The wide range of covered topics includes:
• Understanding cancer and its treatments
• Chemotherapy and bone marrow transplant side effects
• Stress and cancer
• The will to live
• Cancer and spirituality
• Sexuality
• Nutritional considerations
• Rehabilitation and fitness
With this book, the Rosenbaums hope to help cancer patients
and those who care for them make informed decisions, face
the disease with renewed courage, and care for both their
well-being and their bodies.
|
by R. Reed Johnson (MD ’45) |
This novel is a tale of the adventures of
three pairs of brothers and how their lives entwine, even
though each pair lives in a different century -- the seventeenth,
eighteenth and nineteenth -- and each is from a different
territory or province of the western United States –
namely Texas, Colorado and the Spanish Province of New Mexico.

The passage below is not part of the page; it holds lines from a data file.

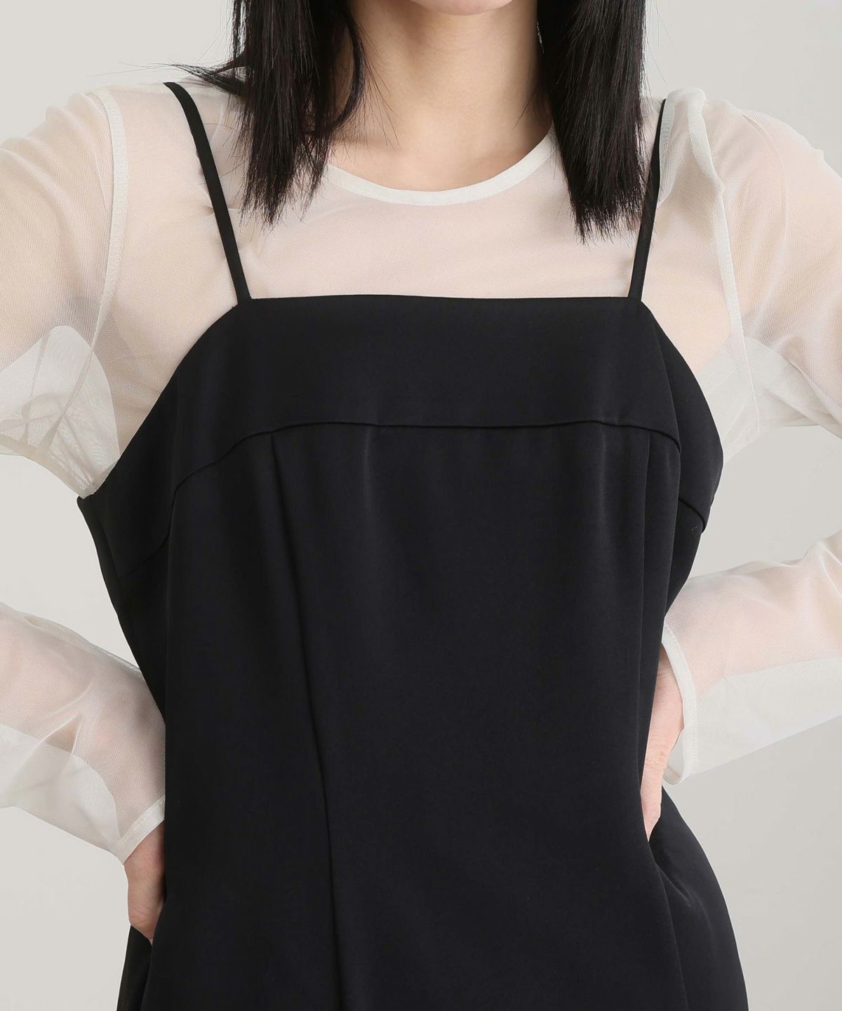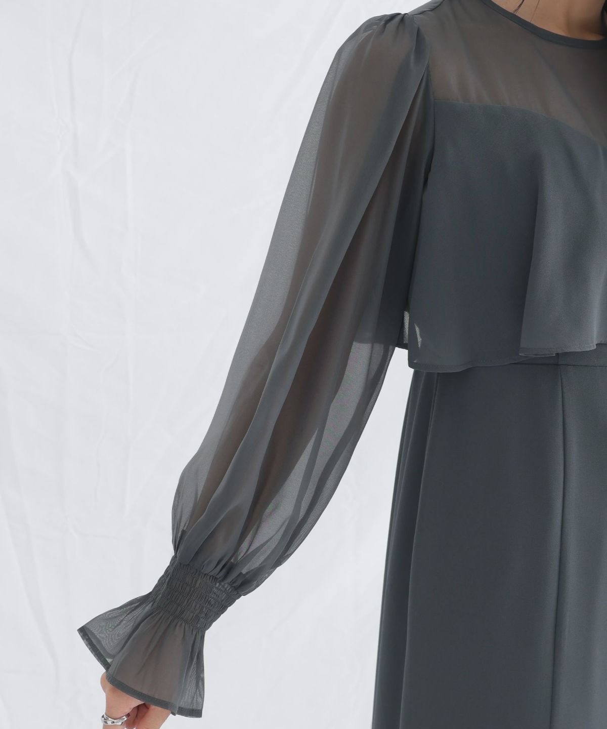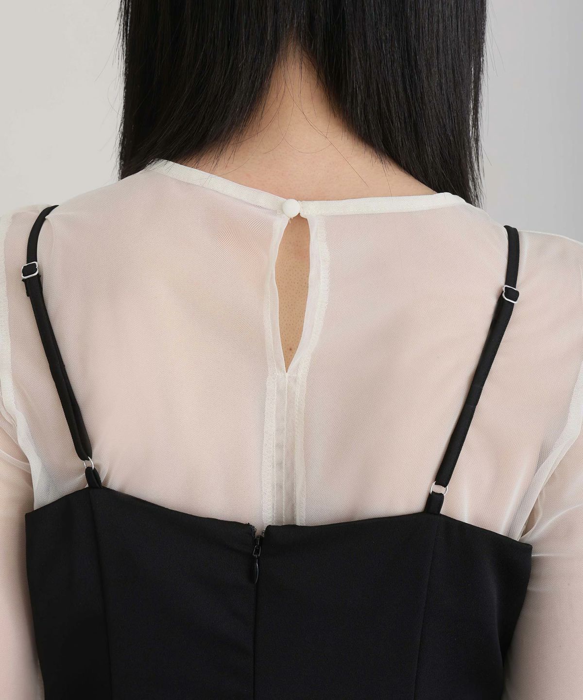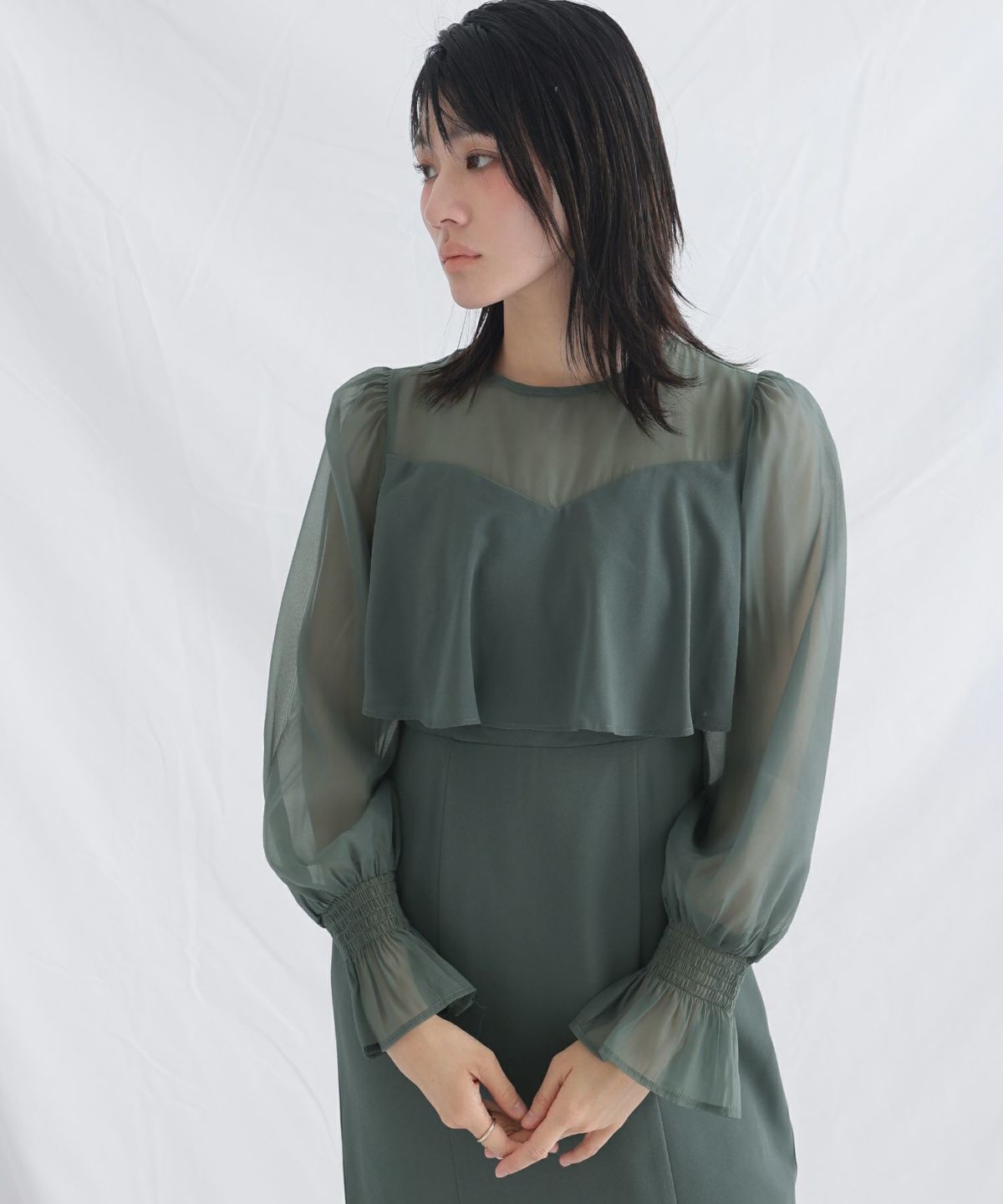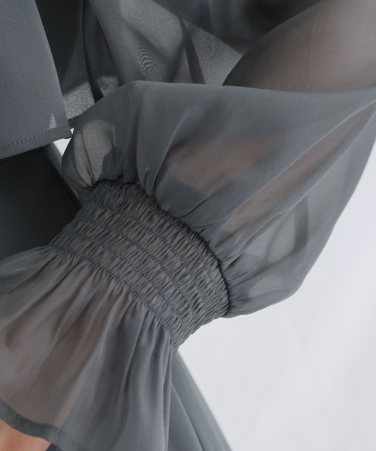 袖口のシャーリングでフェミニンな雰囲気に オーガンジー切り替えビスチェ風ワンピース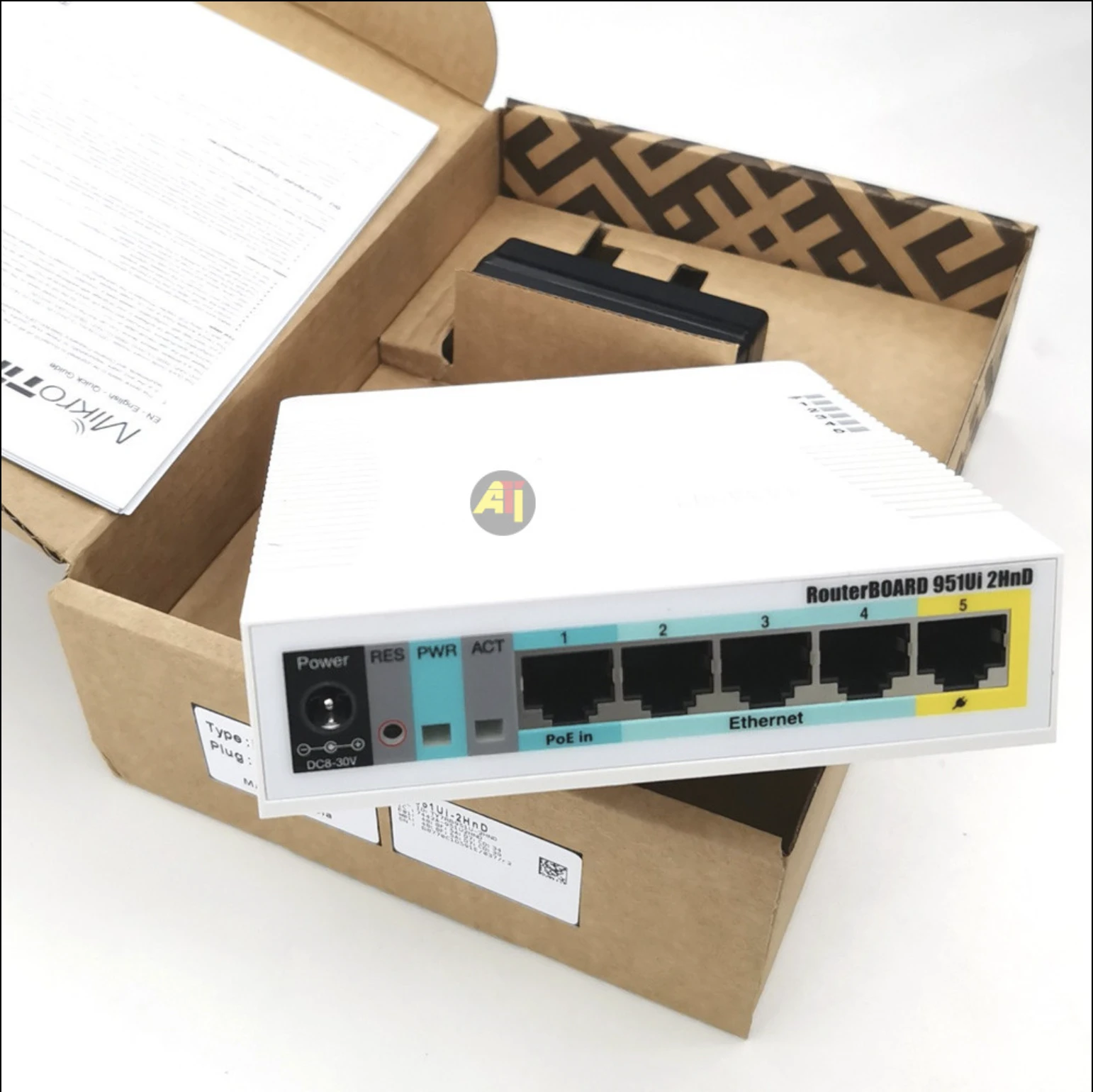 Le MikroTik RB951Ui-2HnD est un routeur sans fil proposant 5 ports Ethernet dont 1 en PoE Out (permet d'alimenter par exemple une NanoStation), 1 port USB 2.0 et un point d'accès 2.4 GHz avec antennes intégrées. Il est également possible de remplacer une antenne par celle de votre choix (connecteur MMCX). Le design compact et discret du RB951Ui-2HnD le rend idéal pour le bureau comme pour la maison. Il intègre des trous pour fixation murale.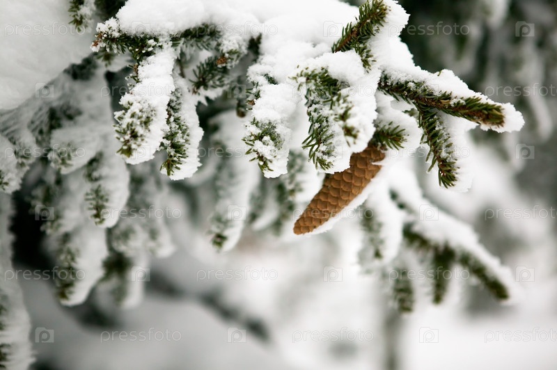Еловая ветка в снегу
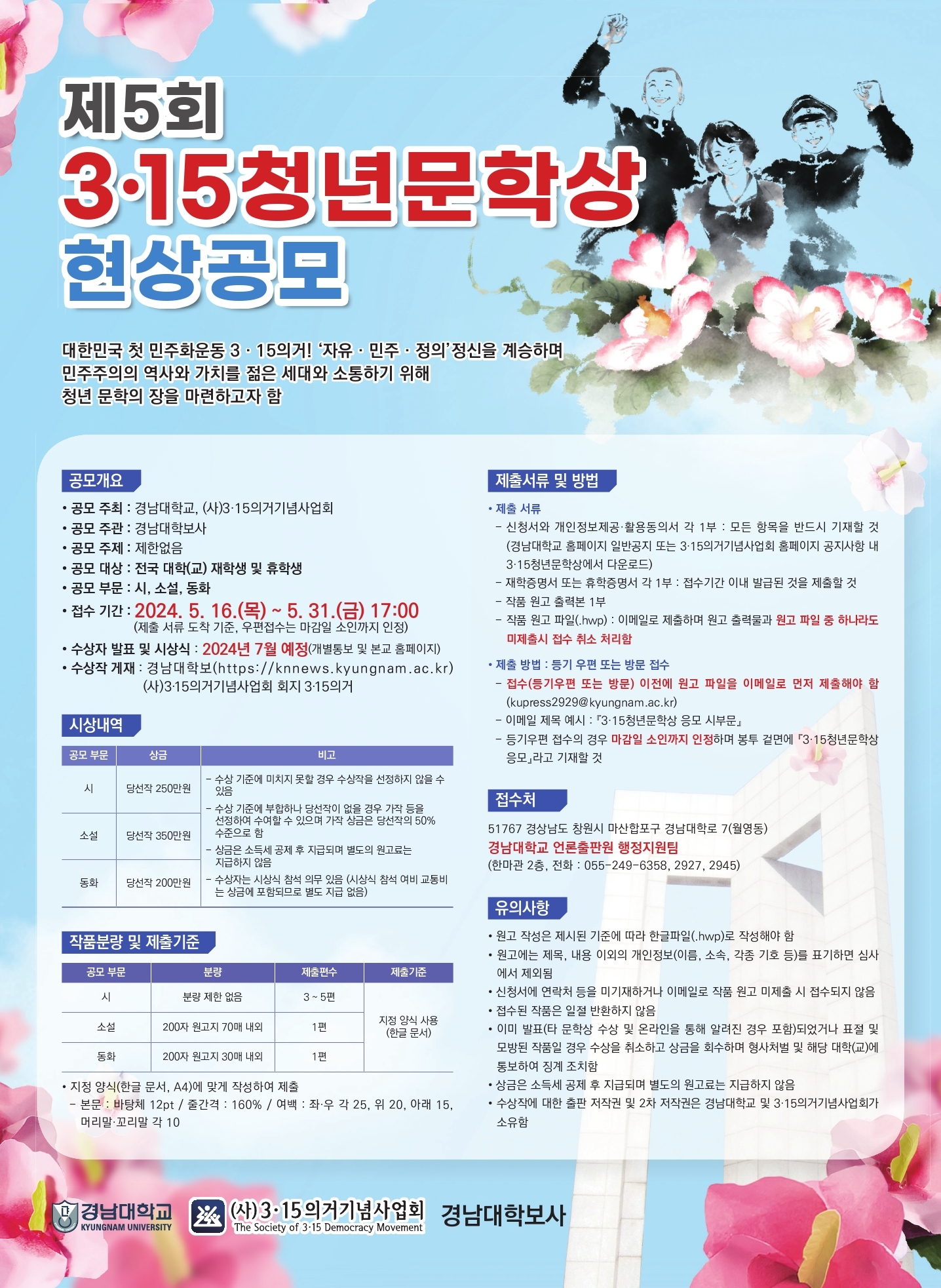 | 제목 | 제5회 3 15청년문학상 현상 공모전 개최에 따른 홍보 | ||||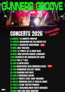 Nicole : La soul est une musique qui est en moi et j’ai toujours voulu chanter rock et bluesy. Donc l’évolution s’est faite de façon naturelle ! Je voulais tendre davantage vers le rock. J’ai chanté avec un groupe Rock en Angleterre et j’ai beaucoup aimé. Alors quand je suis revenu ici, je voulais faire toujours du rock. Avec GUNNERS GROOVE, cela a de suite fonctionné. On voulait tous faire la même chose. On s’est préparé quelques temps sur les reprises mais nous avions tous la volonté de composer. Nous sommes sur la même longueur d’ondes ! Et ce qui fait plaisir, c’est qu’il y a du mouvement, des concerts de programmer, ça bouge, c’est bien ! (ndla : Effectivement, le groupe s’est déjà produit sur une quarantaine de dates en 2025 dans le grand Sud-Ouest, et 2026 semble aussi parti sur les mêmes bases ; il vous sera difficile de ne pas les croiser sur la route ou plutôt dans un bon pub!)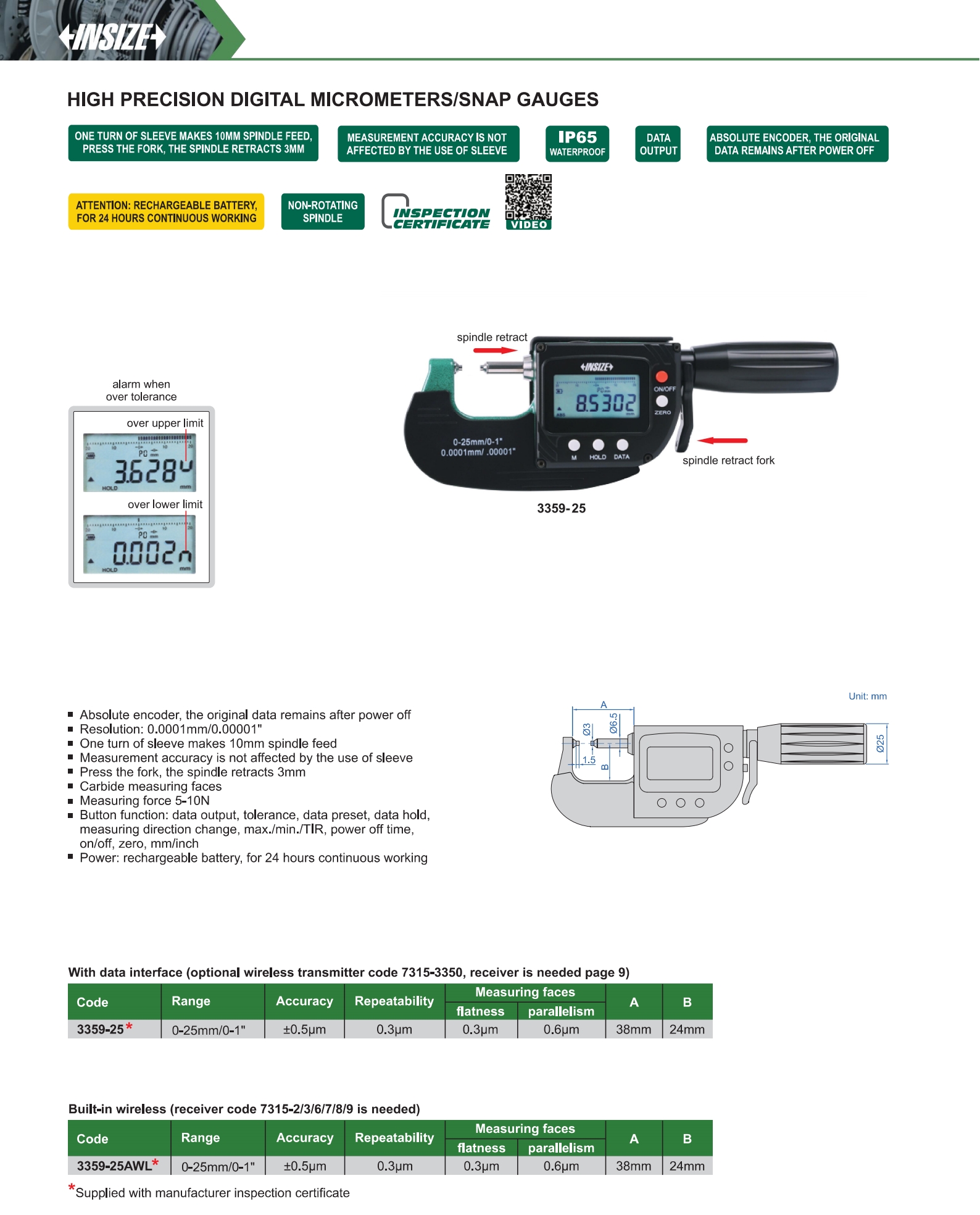| 3359-25AWL | 0-25mm/0-1" | ±0.5µm | 0.0001mm/0.00001" | built-in wireless |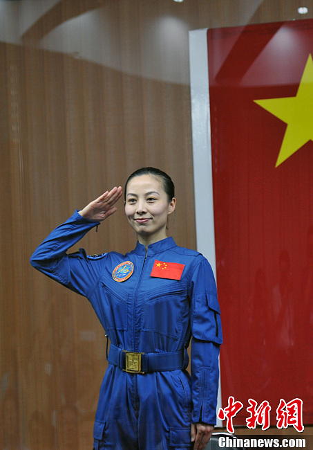 6月10日下午,执行天宫一号与神舟十号载人飞行任务的“神十”飞行乘组3名航天员聂海胜、张晓光、王亚平,在酒泉卫星发射中心航天员公寓问天阁内与中外媒体见面,并回答记者提问。图为航天员王亚平敬军礼。孙自法 摄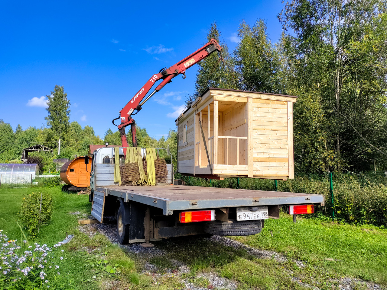 В кадре показан процесс доставки: грузовик с краном-манипулятором подъехал к дачному участку, а деревянная бытовка поднята над платформой и удерживается стропами. Чётко читаются углы и панели конструкции, проёмы, крепёжные элементы, а также работа подъёмного механизма. На территории видны деревья, забор и постройки, дорога и соседние дома, что создаёт контекст загородной застройки. Такая фотография иллюстрирует услуги по перевозке и установке модульных строений, контроль безопасности при подъёме и организацию работ на участке. Использование: сайты строительных компаний, инструкции по монтажу, публикации о дачном благоустройстве.
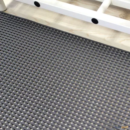 Fabricado em PVC virgem flexível e antiderrapante. Oferece a máxima estabilidade graças ao seu design com maior superfície de contato e peso. Rolo de 10 m de comprimento. Disponível em 2 larguras diferentes e 2 cores (azul ou cinza)

The thread of gold that binds these six lives together is
their search for a fabulous bonanza hidden in the rugged Lost
Creek Canyon in the Tarryall Mountains of Colorado. Their
experiences are set within historical events that the brothers
encounter – each in their own time and place. Historical
elements of the story touch on Don Juan Bautista de Anza's
campaign against the Comanches in the late 1700s, Ute Indian
customs, the Colorado Volunteers in the Civil War and The
Battle of Glorietta Pass, prospecting in the Colorado gold
fields during the late 1800s, and scenes of Littleton, Colorado
in the early 1930s.
|
by Robert L. Weiner (MD ’52)
|
En route to the invasion of Japan, Dr. Weiner
was spared when atom bombs ended WWII. After completing his
MD degree, he became an eye surgeon. With his wife Deborah
he lives in Greenwood Village, Colorado. His first novel,
DRIVEN, is a compelling tale of the cost and sacrifice of
unrelenting ambition. The novel begins in August 1945 when
the main characters, Jack Vanborn and Hugh Stanfield, have
a date for a bloodbath: the invasion of Japan. Their reservation
is cancelled by the atomic bombs that end WWII. Back in the
U.S. VanBorn, becomes a real estate developer. Stanfield attends
medical school and becomes an eye surgeon. They are reunited
during a ski holiday in snowbound Aspen, Colorado, when VanBorn’s
daughter sustains a fearful eye injury. In this dramatic setting
Stanfield performs a corneal transplant. VanBorn’s gratitude
knows no bounds. He builds a surgical operating microscope
for Stanfield, who utilizes it on his way to national renown.